I learned when these meetings were over that there had been a new eruption in Slack. Times staff were saying that Rubenstein had been the sole editor of the op-ed. In response, Dao had gone into Slack to clarify to the entire company that he had also edited it himself. But when the Times posted the news article that evening, it reported, “The Op-Ed was edited by Adam Rubenstein” and made no mention of Dao’s statement. One of the ironies of this episode was that it was not any newsroom reporter but Rubenstein who wound up receiving death threats because of the Cotton op-ed, and it was the newsroom that put him in harm’s way. I would put Times Opinion’s standards for the editing of Cotton’s op-ed up against the Times newsroom’s standards for its coverage of the op-ed any day of the week.

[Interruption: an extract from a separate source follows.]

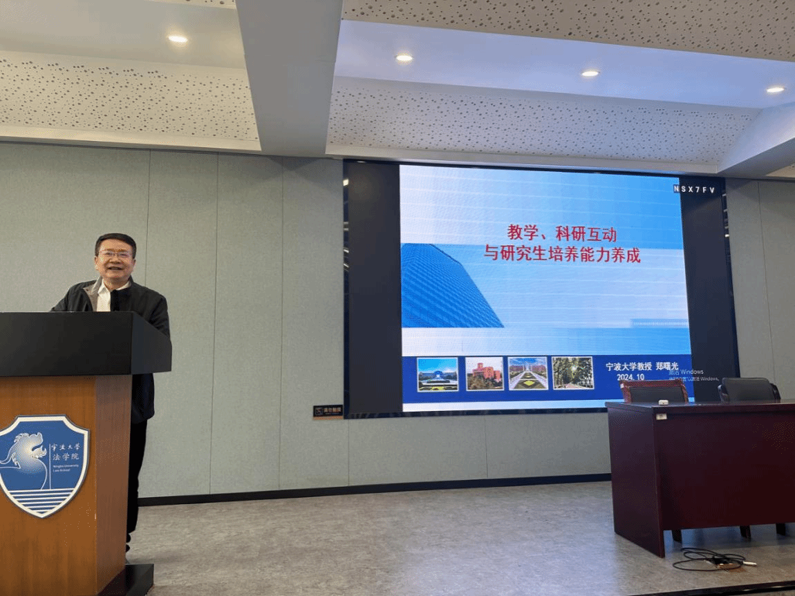 邀请郑曙光教授为全体研究生导师举办了题为《教学科研活动与研究生培养能力养成》的培训讲座。郑曙光教授结合自己多年来指导研究生的心得体会和深刻感悟,围绕研究生导师科研与教学的关系、研究生导师的工作意义、研究生导师指导研究生的方法、研究生的论文选题、研究生导师应具有的品行与操守等,进行了深入浅出的讲解阐释。

By unhappy – but, really, also quite funny – coincidence, a meeting of the entire company had been scheduled over Zoom for the next morning. The plan had been for the newsroom to talk about its coverage of the protests. Now the only subject was going to be the op-ed. Early that morning, I got an email from Sam Dolnick, a Sulzberger cousin and a top editor at the paper, who said he felt “we” – he could have only meant me – owed the whole staff “an apology for appearing to place an abstract idea like open debate over the value of our colleagues’ lives, and their safety”. He was worried that I and my colleagues had unintentionally sent a message to other people at the Times that: “We don’t care about their full humanity and their security as much as we care about our ideas.”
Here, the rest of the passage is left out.